断章140

 ネズミ男は、「ヘーゲル」を齧(かじ)ってみた。まるで歯が立たなかった。低学歴で地頭(じあたま)も良くない現実を突きつけられたのである。かてて加えて連日の外出自粛である。つれあいのハムスター女と、「殿。まだ名前も歳も聞かれておりませぬ」「よーく知っておるわ」と、バカ殿ごっこをしても気分は晴れないのである。何日か悩んでいたネズミ男は昨夜、風呂に入っているときに、大きな決断をしたのである。

 風呂から出るなり、「決めた、決めたぞ!」とハムスター女に告げたのである。外出自粛のおかげでいつもより多い500円玉貯金を取り崩し、立憲民主党の高井 崇志のように“セクキャバ”に行くことにしたのである(な、わけないだろ)。

 500円玉貯金の総額は、約3万円だった。AMAZONで本をしこたま買うことにした。独学に限界があることはつねづね痛感している。しかし、今こそ系統的な学び直しをすべきである、と思ったのである。

 

 「コロナウイルスの感染拡大防止のため、外出自粛が要請されています。週末の外出も抑制され、『家にばかりいてやることがないから、面白くない』などと言う声が聞かれます。考えを転換してください。いまこそ、勉強をする絶好のチャンスなのです。

 コロナ騒動は、それがいかに過酷なものであったとしても、いつかは終息します。終息した後の世界で、社会は、前と同じように営まれていくでしょう。その新しい世界においてあなたがどのような地位を占めるかは、この期間にどれだけ勉強するかにかかっています。

 自宅に閉じこもることが要請されるために、勉強の方法も、これまでとは違うものへと変わらざるをえません。それは、学校や塾などでの対面の教育・勉強から、『独学』への移行です。外出したり、人と接触したりすることを避けねばならない状況下において、独学こそが最も望ましい勉強の方法です。(中略)

 多くの人は、専門学校や英会話学校に通えば、自動的に知識や学力がつくような錯覚に陥っています。そんなことはありません。(中略)

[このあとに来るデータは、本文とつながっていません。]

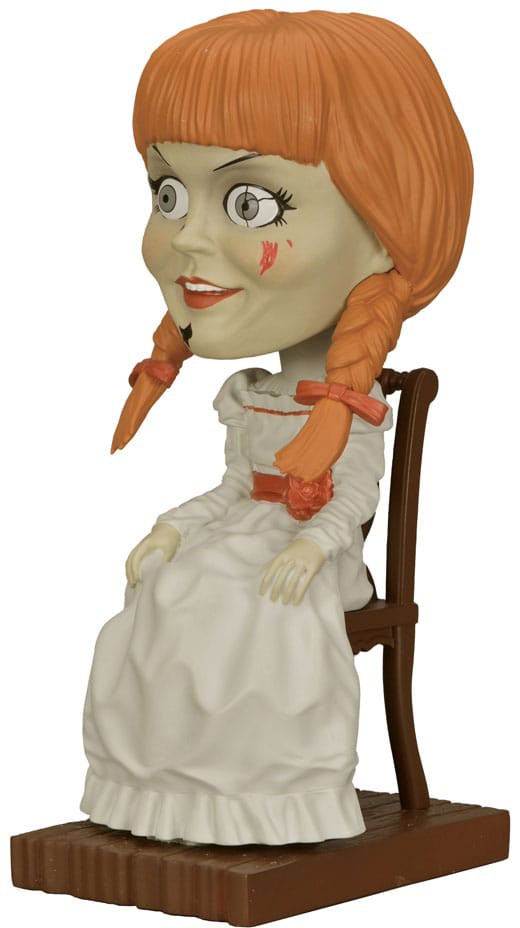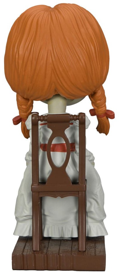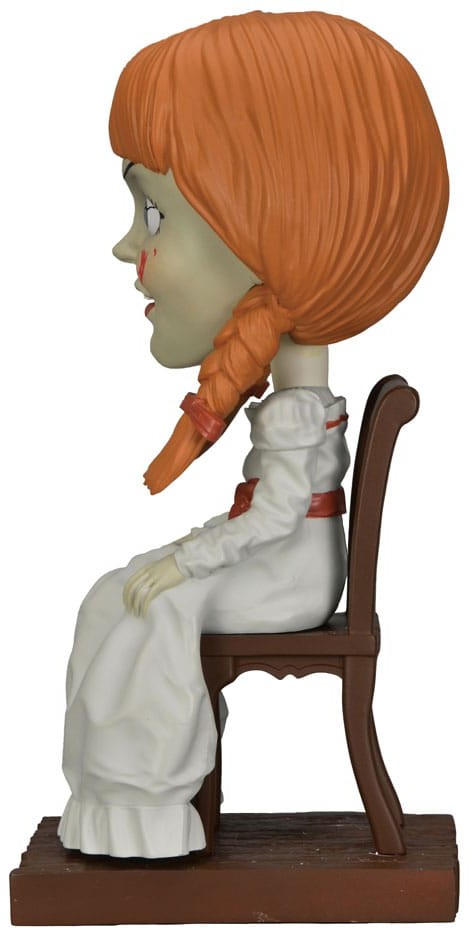 The possessed doll Annabelle appears throughout The Conjuring Universe films and in her own spin-off movies. This addition to NECA's popular Head Knocker line brings you the terrifying doll Annabelle sitting in her chair, cast in resin and then hand painted for incredible detail. Stands 7 inches tall with bobbling head and comes in collectible matte packaging with spot gloss finish.

 外国語の勉強については、昔から多くの人たちが独学で学習してきました。最も有名なのは、ハインリヒ・シュリーマンでしょう。彼は、トロイの遺跡を発掘したことで知られるドイツの考古学者です。この人は、まともな学校教育を受けることができなかったのですが、外国語については成人してから、まったくの独学で学び、何十カ国の言葉を巧みに操ったと言われます。そうした技能によって彼は事業に成功し、そこで得られた経済力で遺跡の調査を行ったのです。(中略)

 もともと、勉強は楽しいものです。自分の実力を向上させてくれるというだけではありません。それまで知らなかった新しい世界を見せてくれます。こうした勉強の楽しさは、学校に通って先生の言うことを受動的に受け入れているだけでは、なかなか実感しにくいものです。独学によって自ら新しい世界を切り開いていくことによってこそ、勉強することの楽しさを実感することができます。

 コロナウイルスの問題は、われわれの生活に大きなストレスを与えています。それができるだけ早く終息してくれることを心から願ってやみません。ただ、このことを、単に試練とだけ考えるのではなく、積極的に受け止めることも必要です。そのための具体的な方法が、この機会に独学で自分の能力を飛躍的に高めることなのです」(2020/04/14 東洋経済・野口 悠紀雄)。